Quorum deployments
To run our applications in secure enclaves, we built QuorumOS: a minimal, immutable, and deterministic Linux unikernel build system for use cases that require high security and accountability. QuorumOS also contains an initialization and attestation framework for running applications within this environment.
Each instance of QOS is configured with a Quorum Set – A group of individuals who hold shares of a service’s master secret. This master secret is also called the Quorum Key.
After the service is launched, QOS responds to attestation requests and waits to receive key shares from QOS Operators or members of the Quorum Set. Once a threshold number of shares have been sent into the enclave it will reconstruct its core secret and launch the application it was provisioned with. This process is outlined in the images below:
Remote attestation is the process by which core attributes of a machine can be retrieved and verified from a remote location. The enclave’s secure co-processor, in this case AWS’s NSM, observes the enclave as it is being launched and records certain important values such as the hash of the enclave image, the hash of the kernel, and the hash of the boot filesystem. This means that each attestation request verifies that the code actually running in the enclave is only the code we expect to be running.

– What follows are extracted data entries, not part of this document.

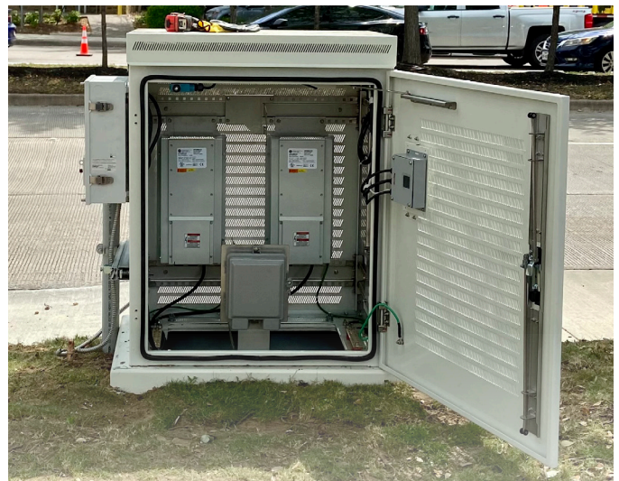
Figure 2. Ground Cabinet Enclosure

Climate change complicates this choice. Network operators can't afford to assume that current environmental conditions will be the same in the coming years. In addition to producing extreme weather conditions, climate change is increasing the frequency and severity of lightning strikes in places where lightning is already common. It is also increasing the likelihood of lightning in places where it was once rare. Natural disasters aside, grid power has always been prone to fluctuate.
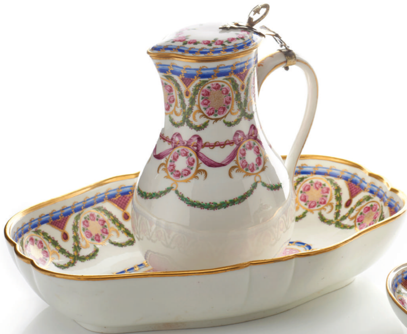
A Soft-Paste Sèvres Porcelain Ewer and Basin with silver-gilt mount 1770 Height 20cm (7 7 / 8 "") Width 29cm (11 3 / 8 "")
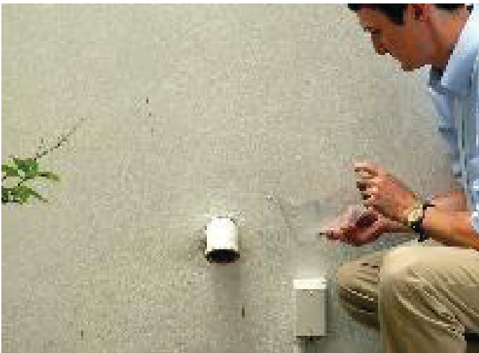
Figure 19. Placing screening over pipe.
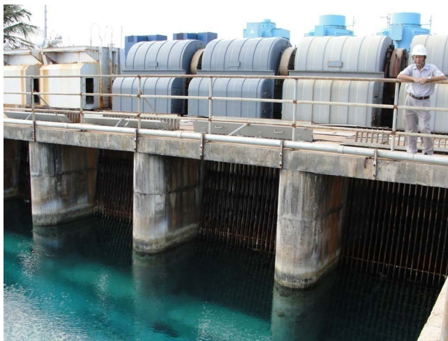
Photo 8: Close up photo of the intake structure for Units 1 and 2.
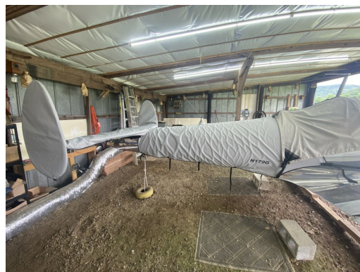
Ercoupe Empennage Cover
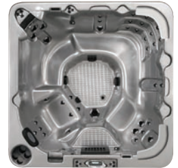
TAHITI 385 US gal (1463 L) · 82.25 x 82.25 x 40 in. (208.9 x 208.9 x 101.6 cm)
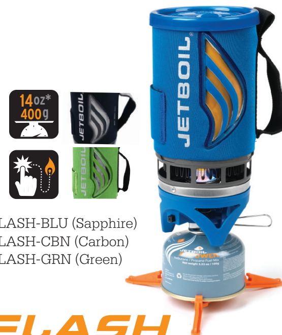
FLASH-BLU (Sapphire) FLASH-CBN (Carbon) FLASH-GRN (Green)

* System weight excludes pot support and fuel stabilizer.
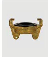
Bayonet blank coupling with gasket. Brass
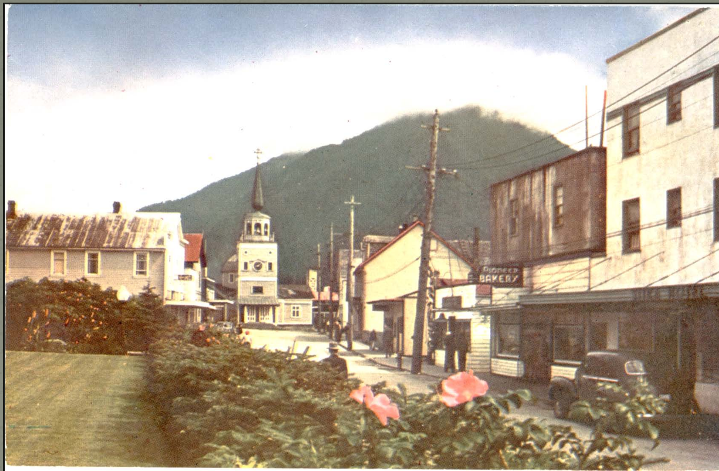
Downtown Sitka circa 1940s

After initialization, a user of the system can request an attestation document from the enclave. This document will be signed by AWS PKI and can be validated using the process outlined here.
Every single artifact in our critical application infrastructure builds deterministically. Because of this, we can verify precisely what is running in every enclave in our infrastructure at any point in time. This is an area where Turnkey is completely differentiated.
As described above in the description of QOS, each enclave application is provisioned at launch with a set of key shares that, when a quorum is reached, is reconstructed into a master secret.
At Turnkey we actively use this remote attestation process during that enclave provisioning flow. After deploying a new release of any Turnkey enclave application, QOS Operators verify that an enclave is running a particular version of the application by actually building it themselves and verifying the value they received after building against those provided in the attestation document from the NSM. Once confirmed, they use a defined Production Laptop Provisioning Flow to post in their key share to the enclave application.
We hope to expose this functionality to clients directly soon, to create a new paradigm of transparency and verifiability in a SaaS product and encourage others to follow suit.